ISSN : 2146-3123
E-ISSN : 2146-3131

Microsurgery for Vestibular Schwannoma via Retrosigmoid Transmeatal Approach with Intraoperative Monitoring Techniques
Li-Hua Chen1, Hong-Tian Zhang1, Kai Sun2, Wen-Jin Chen1, Ru-Xiang Xu1
1Department of Neurosurgery, Sichuan Academy of Medical Sciences and Sichuan Provincial People’s Hospital, University of Electronic Science and Technology of China, Chengdu, China
2Department of Neurosurgery, The Third Affiliated Hospital of The Third Military Medical University, Chongqing, China
DOI : 10.5152/balkanmedj.2021.20145
Pages : 212-221

Background: Functional preservation of cranial nerves remains an issue in surgical treatment of vestibular schwannoma.
Aims: To explore the functional outcomes of vestibular schwannoma removed by microsurgery via a retrosigmoid transmeatal approach with intraoperative monitoring techniques.
Study Design: A retrospective cross-sectional study was conducted on a group of patients with vestibular schwannoma operated by microsurgery.

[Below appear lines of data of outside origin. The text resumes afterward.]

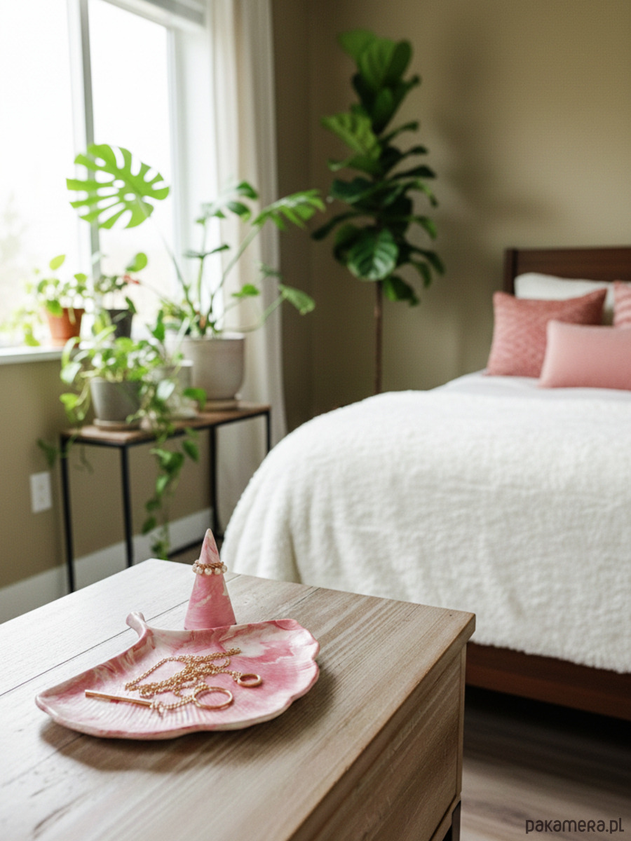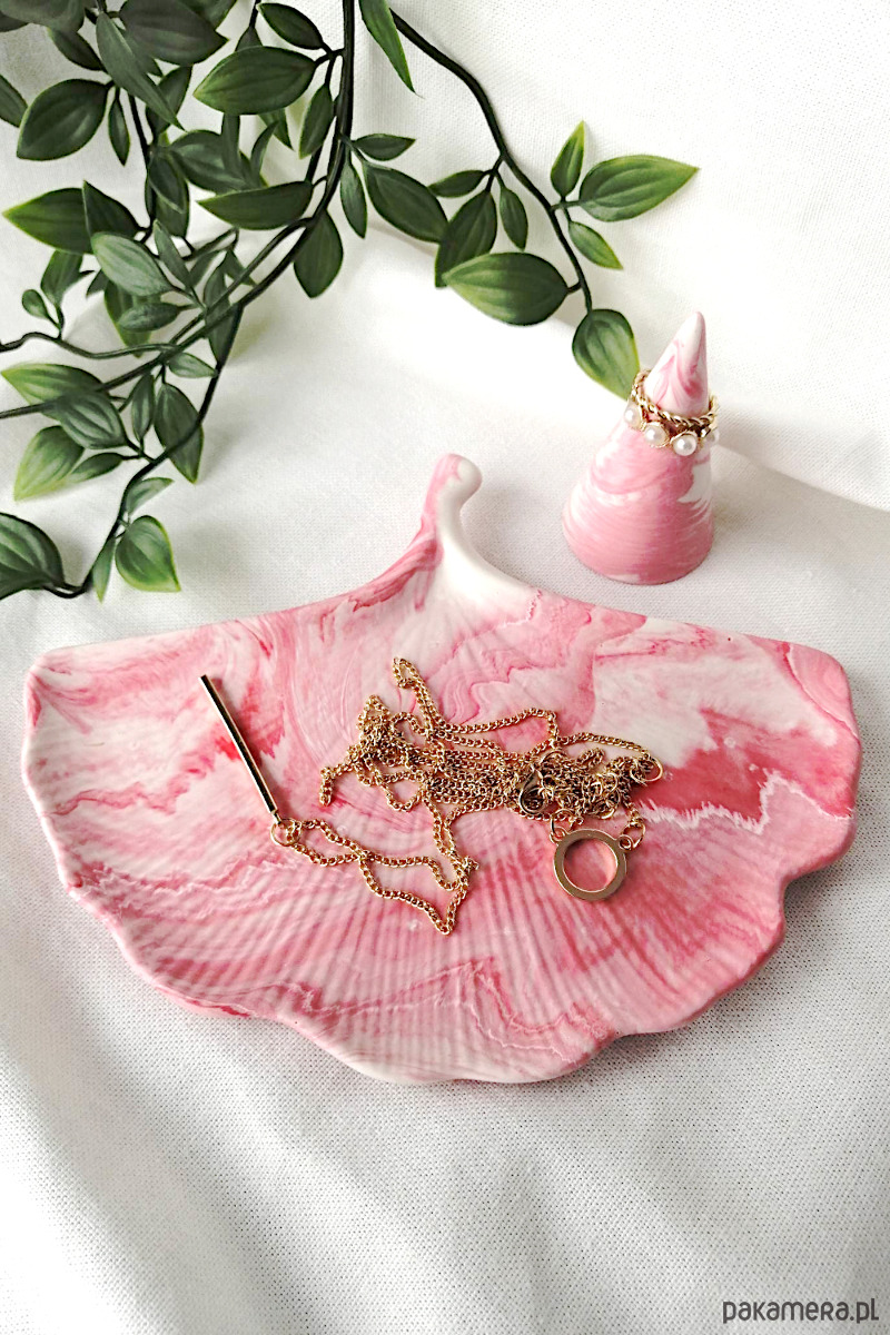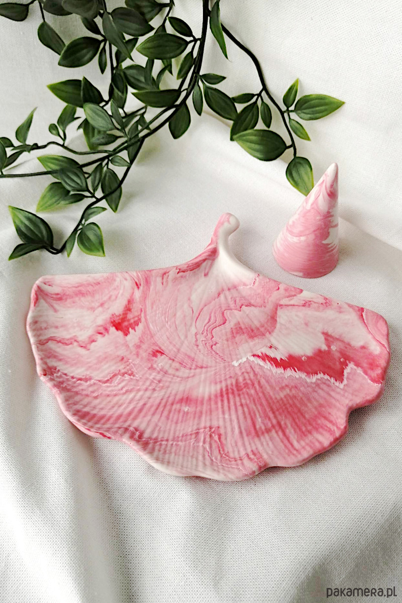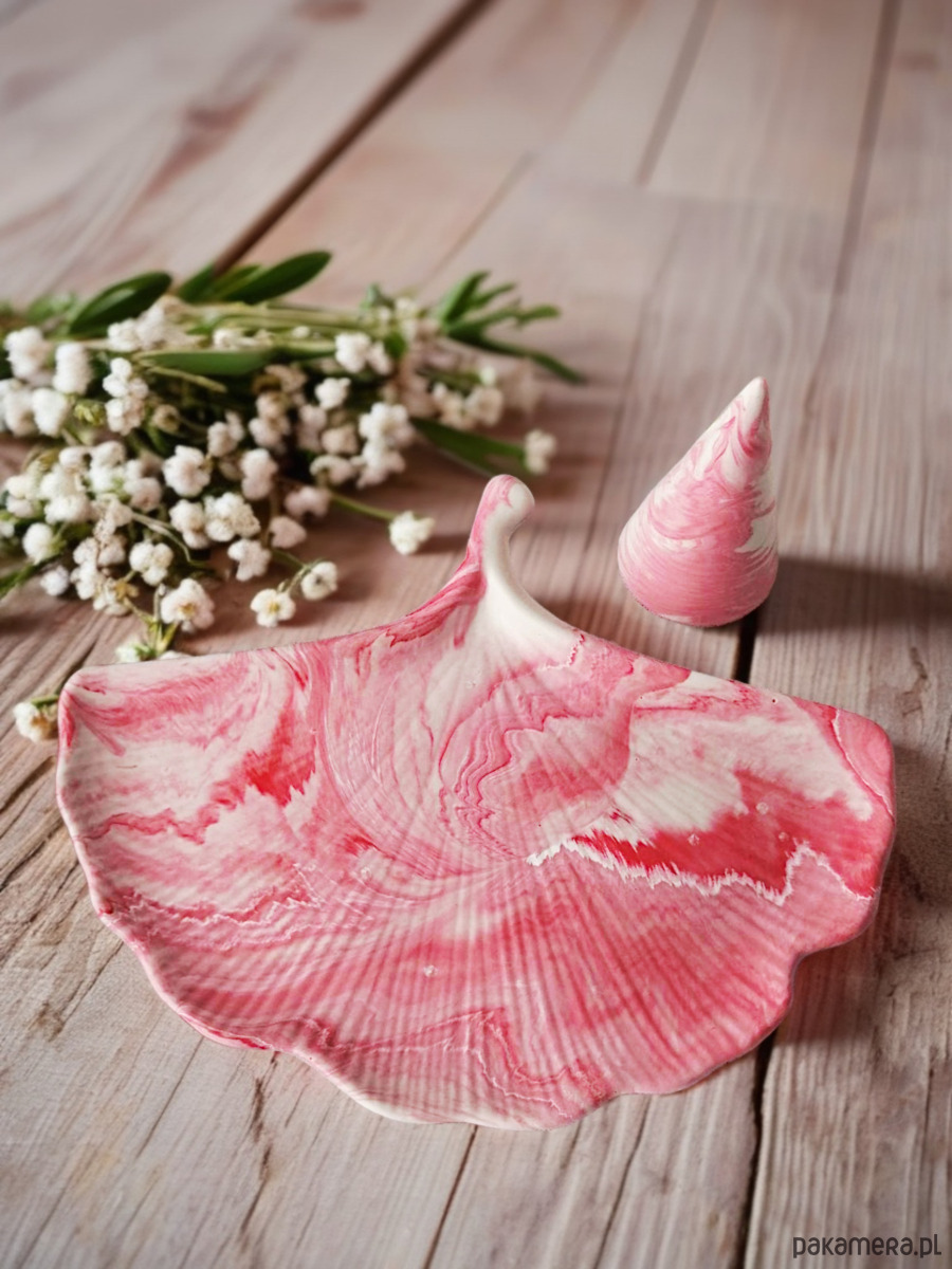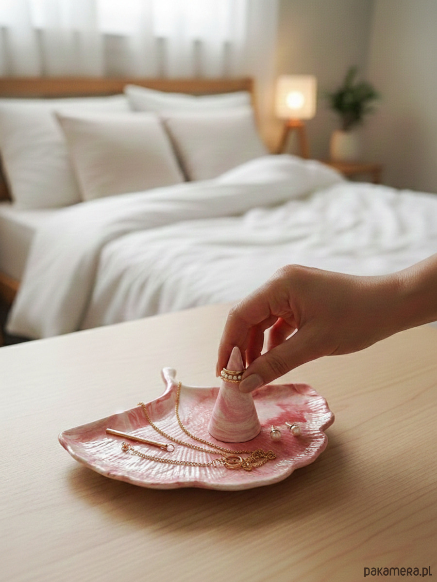 Zestaw dekoracyjny z gipsu polimerowego to nie tylko piękny dodatek, ale również funkcjonalny organizer. Podstawka z motywem miłorzębu idealnie nadaje się do przechowywania biżuterii, kluczy, drobniaków czy innych codziennych przedmiotów. Stożek świetnie utrzymuje pierścionki i pomaga utrzymać porządek na toaletce, biurku czy półce.
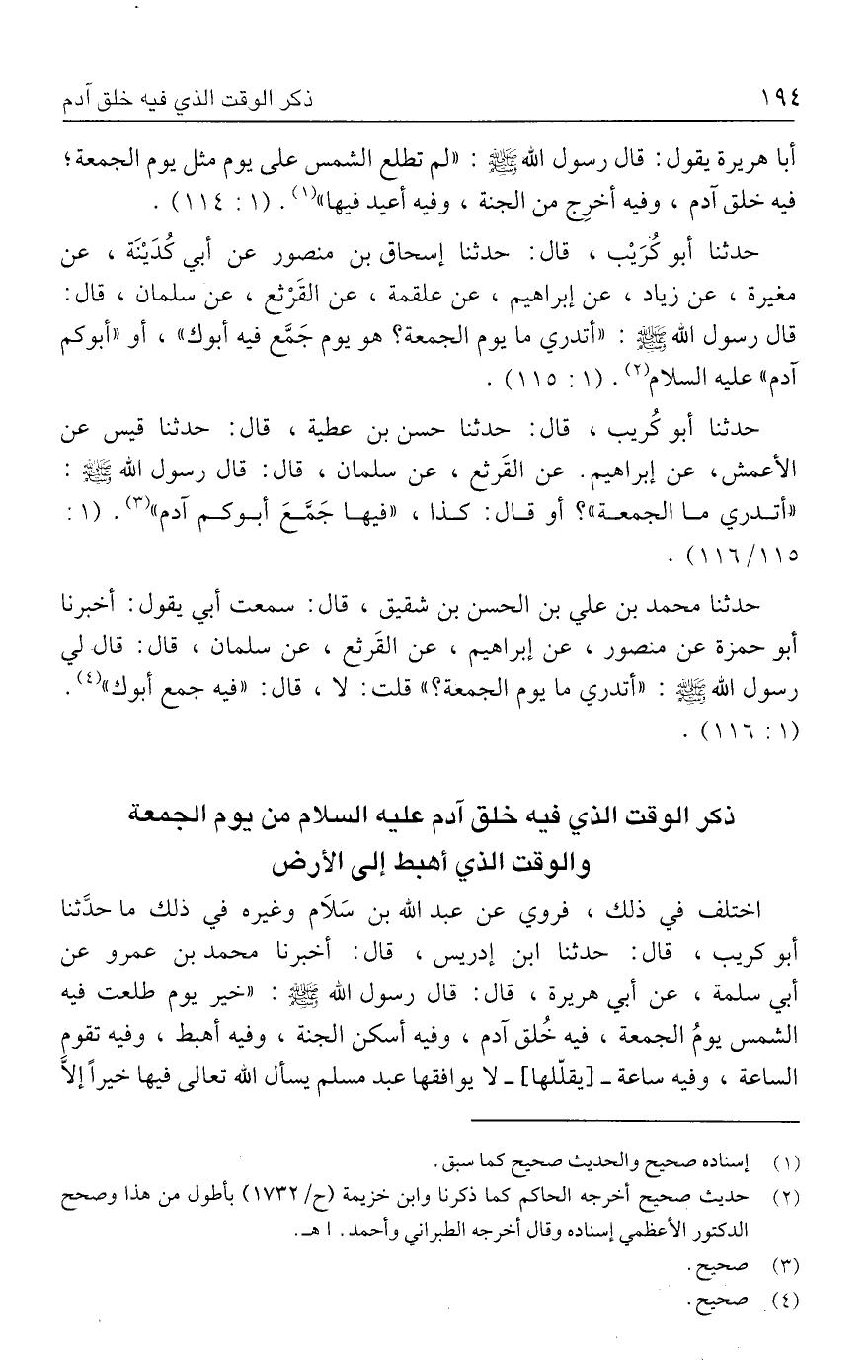 أبا هريرة يقول: قال رسول الله - صلى الله عليه وسلم -: "لم تطلع الشمس علي يوم مثل يوم الجمعة؛ فيه خلق آدم، وفيه أخرِج من الجنة، وفيه أعيد فيها" (١). (١: ١١٤).
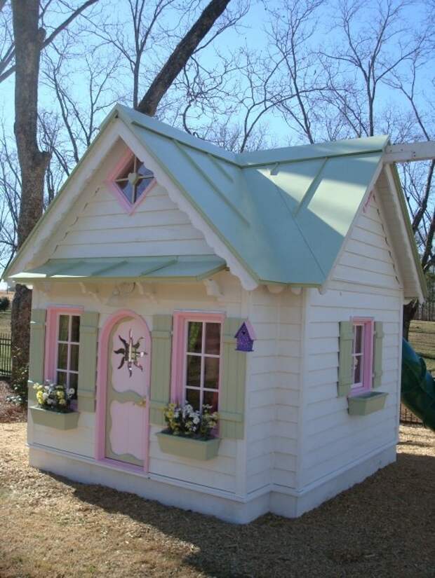 Деревянный игровой домик для детей, благодаря своей конструкции, можно укомплектовать множеством различных аксессуаров. Также пригодятся некоторые архитектурные детали коттеджа. Вот некоторые из них, заслуживающие внимания: Петух на крыше — очень дешевый и очень интересный способ развлечь детей.
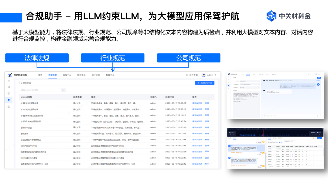 如何为理财师守好合规关口,利用前沿的大模型技术规避风险?中关村科金合规助手可以嵌入机构内部内容整合平台,在客户向理财师提问时,将法律法规、行业规范、公司规章等非结构化文本内容构建为质检点,对文本内容、对话内容进行合规监控,帮助理财师合规展业。
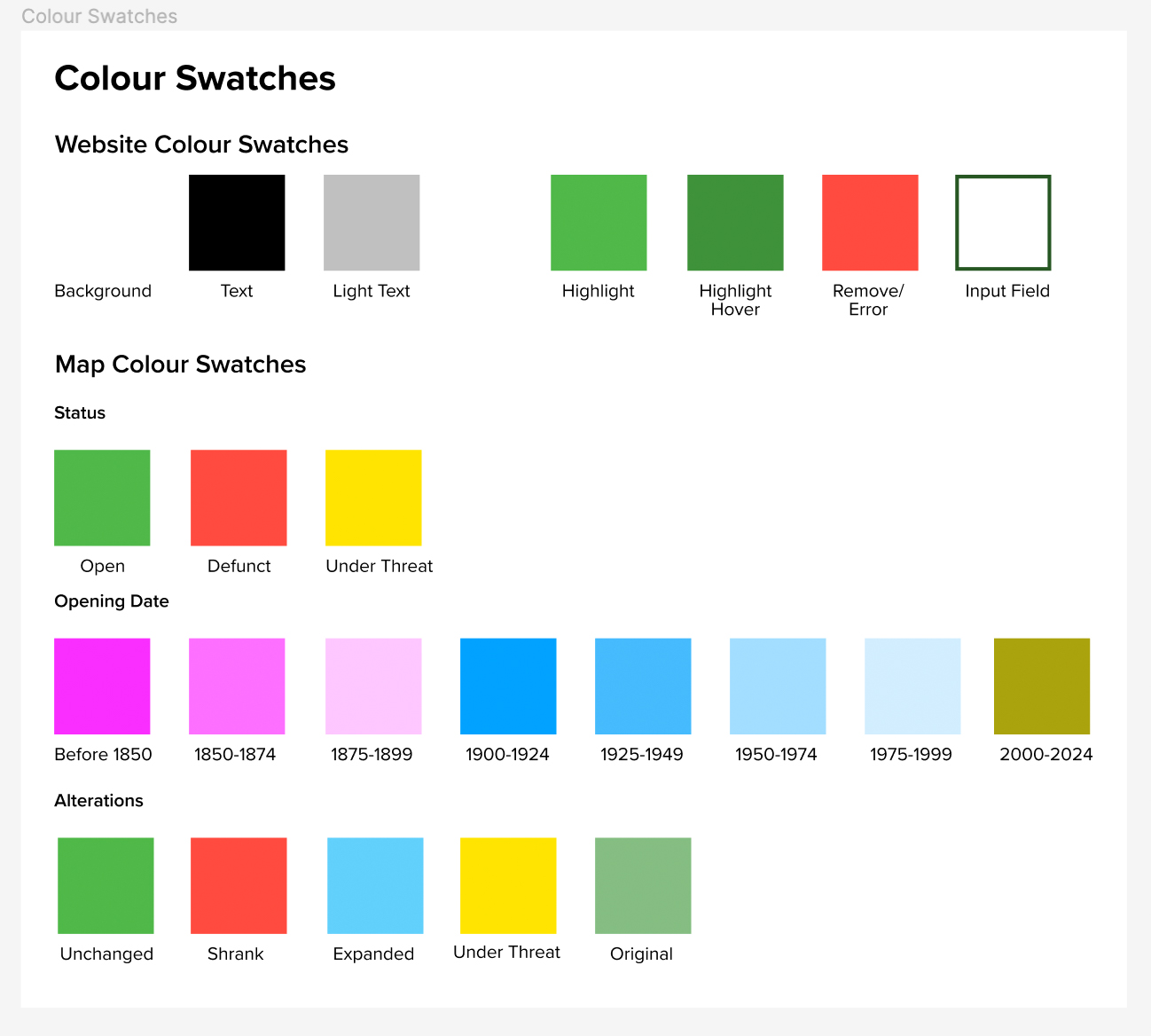 While the colour palette is mostly monochrome a lot of thought was put into the colour palette of the map keys. Especially for the ‘Year Opened’ view mode. I considered assigning random colours to the 8 keys in this view mode or using different opacity levels of one colour. However, the former felt too random and the latter was difficult to distinguish on a map so instead I went for three different colours (pink, blue and yellow) to represent each century and a gradient of each colour for each 25 year period. The colours are easy enough to distinguish but have enough correlation that patterns can be picked out from the data.
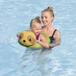 Zaigrani izgled sa zelenim lišćem i nasmijanim životinjskim likom oduševit će djecu i potaknuti sigurnost u vodi.
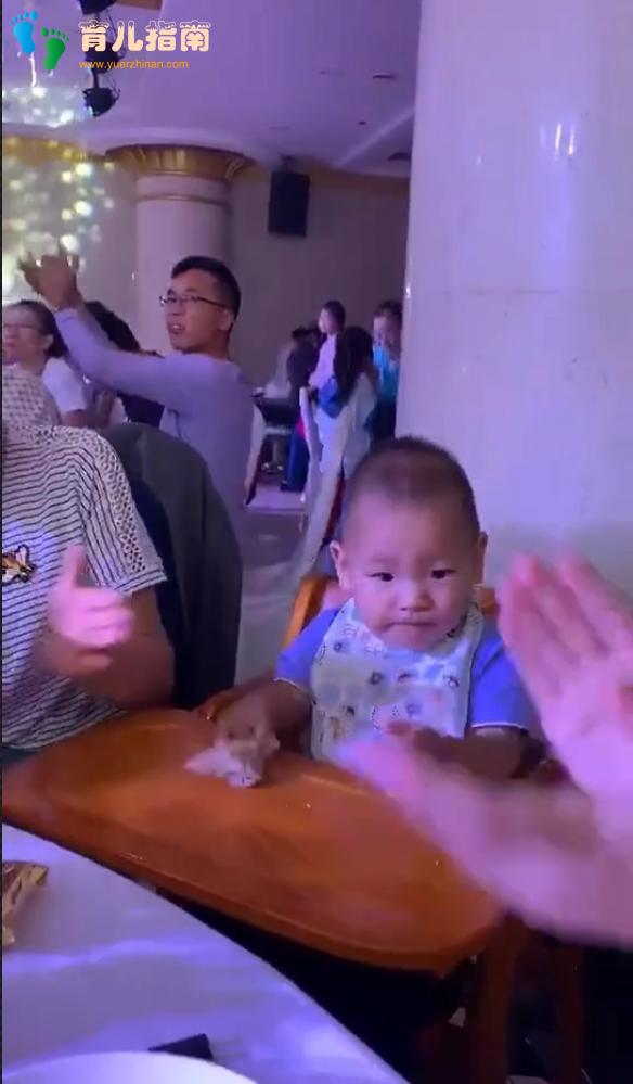 宝宝婚宴上忘情啃猪蹄,看到周围人在鼓掌,宝宝有眼色地放下猪蹄一起鼓掌
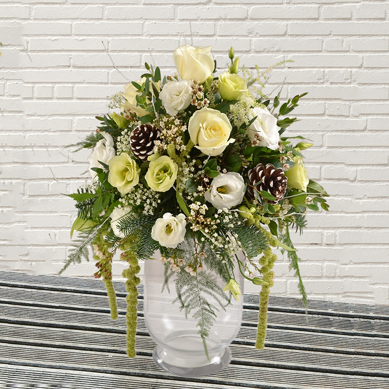 A fabulous white and green arrangement set in a hurricane lamp vase, a real Christmas treat.

Methods: The outcomes, including the extent of tumor removal, the anatomic positions of the facial nerve, and postoperative Karnofsky performance status score, facial nerve function, and hearing function were reviewed and were statistically compared among tumor sizes (small, medium, and giant) and intraoperative monitoring types [electrophysiological monitoring only (E), electrophysiological monitoring + intraoperative imaging examination (E+I), and electrophysiological monitoring + neuronavigation (E+N)].
Results: A total of 436 patients with VS received microsurgery. The position of the facial nerve was anterior in 85.5% of cases with small vestibular schwannoma. Other position patterns, especially anterior–superior and anterior–inferior, increased in tumors > 2.0 cm. Total resections were performed in all patients with small vestibular schwannoma. A total of 98.1% and 84.8% of patients with medium and giant vestibular schwannoma, respectively, had total resections. More than 90% of patients in all of the 3 monitoring groups had total resections. More than 80% of patients had excellent Karnofsky performance status score regardless of tumor size and monitoring type. After surgery, 100%, 84.4%, and 59.8% of patients with small-, medium-, and giant-sized vestibular schwannoma, respectively, had good facial nerve function. More than 70% of patients in all of the 3 monitoring groups had good facial nerve function postoperatively. The hearing preservation rate was 26.7% and 7.7% in small- and medium-sized vestibular schwannoma, respectively, and was 21.6% and 27.3% in the E group and the E+N group, respectively. The statistical analyses showed that tumor size was significantly associated with the extent of tumor resection, facial nerve localization, complications, postoperative Karnofsky performance status score, facial nerve function, and hearing function (all P ≤ .001). Monitoring type was significantly associated with the extent of resection (P ≤ .001). Additionally, patients in the E+N group had higher total resection rates than those in the E group (P ≤ .001). No cerebrospinal fluid leakage and surgery-related death occurred.
Conclusion: In vestibular schwannoma microsurgery, tumor size is an important parameter that affects the localization of the facial nerve, the extent of resection, postoperative outcomes and complications. Intraoperative electrophysiological techniques combined with neuronavigation may be helpful to improve the extent of resection.